## ABOUT THIS TASK
Repeat only these lines, exactly: the first line of the data, the line containing "ذلك أن في النفس", and every line between them. Pictures stay out.

(PROVIDED ENTRIES Opens)

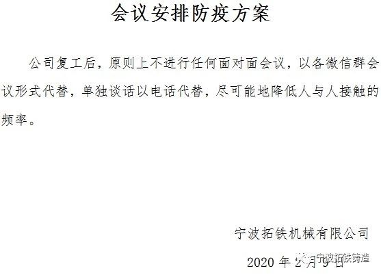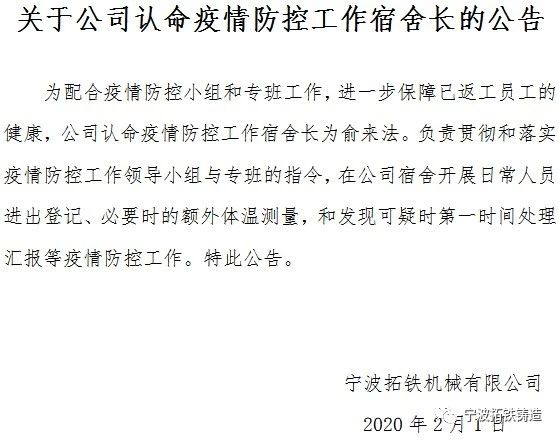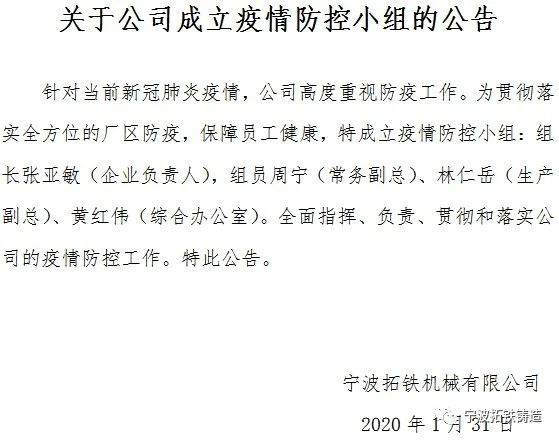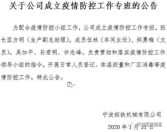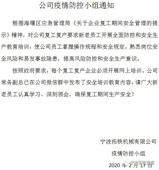 我們共同期望本次疫情立即解除,百姓安康、國家昌盛。相信風雨后總會有彩虹。我們在此再次呼吁拓鐵的全體員工們,一定要牢記和貫徹政府與公司的疫情防控原則,眾志成城,一起打贏本次的疫情戰。
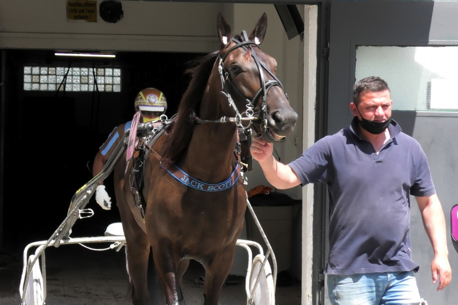 Den Anfang machte Gustavo. Und er macht es von A bis Z sehr gut. Bänderstart erstmals in seiner Karriere? Kein Problem. 25 Meter aufholen? Machten Rudi und er tiptop. Im letzten Bogen sah es noch nicht nach einem Zweiterwetten-Platz aus. Doch dann zündete Gustavo nach bis dahin nicht sonderlich schnell gelaufenem Rennen den Turbo, beschleunigte in der Zielgerade auf 1:10 und dann kurz auf 1:09 - am Ende war er eine halbe Länge vom 25 Meter weiter vorne gestarteten Sieger. 50 Meter weiter hätte es wohl anders ausgesehen. Egal! Gustavo lief bärenstark. Wir sind uns mit Rudi einig: Das war die bisher beste Leistung seiner Karriere. Für ihn geht es nun Anfang August in Berlin weiter, bevor ein Auftritt in der Schweiz geplant ist.
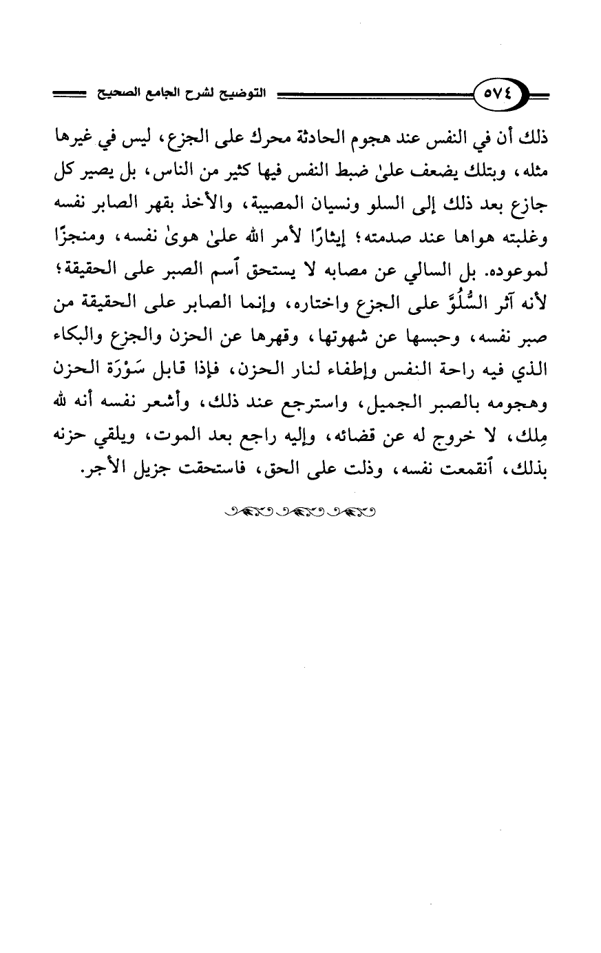 ذلك أن في النفس عند هجوم الحادثة محرك على الجزع، ليس في غيرها مثله، وبتلك يضعف على ضبط النفس فيها كثير من الناس، بل يصير كل جازع بعد ذلك إلى السلو ونسيان المصيبة، والأخذ بقهر الصابر نفسه وغلبته هواها عند صدمته؛ إيثارًا لأمر الله على هوى نفسه، ومنجزًا لموعوده. بل السالي عن مصابه لا يستحق اسم الصبر على الحقيقة؛ لأنه آثر السُّلُوَّ على الجزع واختاره، وإنما الصابر على الحقيقة من صبر نفسه، وحبسها عن شهوتها، وقهرها عن الحزن والجزع والبكاء الذي فيه راحة النفسس وإطفاء لنار الحزن، فإذا قابل سَوْرَة الحزن وهجومه بالصبر الجميل، واسترجع عند ذلك، وأشعر نفسه أنه لله مِلك، لا خروج له عن قضائه، وإليه راجع بعد الموت، ويلقي حزنه بذلك، انقمعت نفسه، وذلت على الحق، فاستحقت جزيل الأجر.
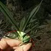 叶基生呈莲座状,平卧或斜展;叶片硬纸质,线形、狭披针形或狭匙状线形,长3-8厘米,宽1.5-8毫米,先端渐尖,边缘全缘,基部渐狭并下延,叶柄不明显,脉3条,基部扩大成鞘状。
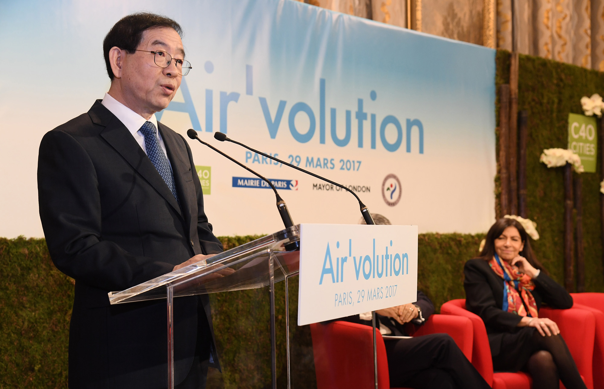유럽을 순방중인 박원순 서울시장은 29일 오전(현지시간) 프랑스 파리시청에서 안 이달고(Anne Hidalgo) 파리 시장(오른쪽), 사디크 칸(Sadiq Khan) 런던 시장과 공동 기자회견을 하고 대기질 혁명을 이끈다고 선언했다. 서울시 제공
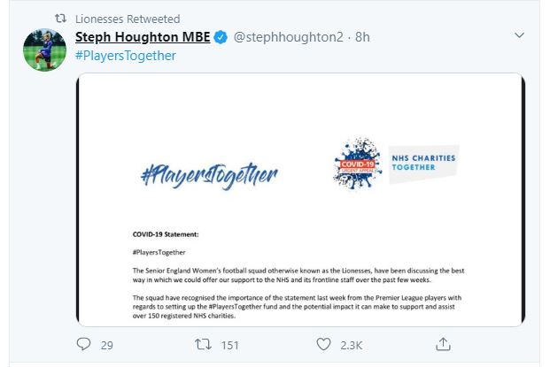 "After discussions with a number of Premier League players, we are delighted to confirm that the whole of the Lionesses squad will make a collective donation to the #PlayersTogether fund, partnering with NHS Charities Together, in unison with the Premier League players in order to support the amazing NHS. Stay Home. Protect the NHS. Save Lives," it added.

(PROVIDED ENTRIES Closes)

## ANSWER BOX
 我們共同期望本次疫情立即解除,百姓安康、國家昌盛。相信風雨后總會有彩虹。我們在此再次呼吁拓鐵的全體員工們,一定要牢記和貫徹政府與公司的疫情防控原則,眾志成城,一起打贏本次的疫情戰。
 Den Anfang machte Gustavo. Und er macht es von A bis Z sehr gut. Bänderstart erstmals in seiner Karriere? Kein Problem. 25 Meter aufholen? Machten Rudi und er tiptop. Im letzten Bogen sah es noch nicht nach einem Zweiterwetten-Platz aus. Doch dann zündete Gustavo nach bis dahin nicht sonderlich schnell gelaufenem Rennen den Turbo, beschleunigte in der Zielgerade auf 1:10 und dann kurz auf 1:09 - am Ende war er eine halbe Länge vom 25 Meter weiter vorne gestarteten Sieger. 50 Meter weiter hätte es wohl anders ausgesehen. Egal! Gustavo lief bärenstark. Wir sind uns mit Rudi einig: Das war die bisher beste Leistung seiner Karriere. Für ihn geht es nun Anfang August in Berlin weiter, bevor ein Auftritt in der Schweiz geplant ist.
 ذلك أن في النفس عند هجوم الحادثة محرك على الجزع، ليس في غيرها مثله، وبتلك يضعف على ضبط النفس فيها كثير من الناس، بل يصير كل جازع بعد ذلك إلى السلو ونسيان المصيبة، والأخذ بقهر الصابر نفسه وغلبته هواها عند صدمته؛ إيثارًا لأمر الله على هوى نفسه، ومنجزًا لموعوده. بل السالي عن مصابه لا يستحق اسم الصبر على الحقيقة؛ لأنه آثر السُّلُوَّ على الجزع واختاره، وإنما الصابر على الحقيقة من صبر نفسه، وحبسها عن شهوتها، وقهرها عن الحزن والجزع والبكاء الذي فيه راحة النفسس وإطفاء لنار الحزن، فإذا قابل سَوْرَة الحزن وهجومه بالصبر الجميل، واسترجع عند ذلك، وأشعر نفسه أنه لله مِلك، لا خروج له عن قضائه، وإليه راجع بعد الموت، ويلقي حزنه بذلك، انقمعت نفسه، وذلت على الحق، فاستحقت جزيل الأجر.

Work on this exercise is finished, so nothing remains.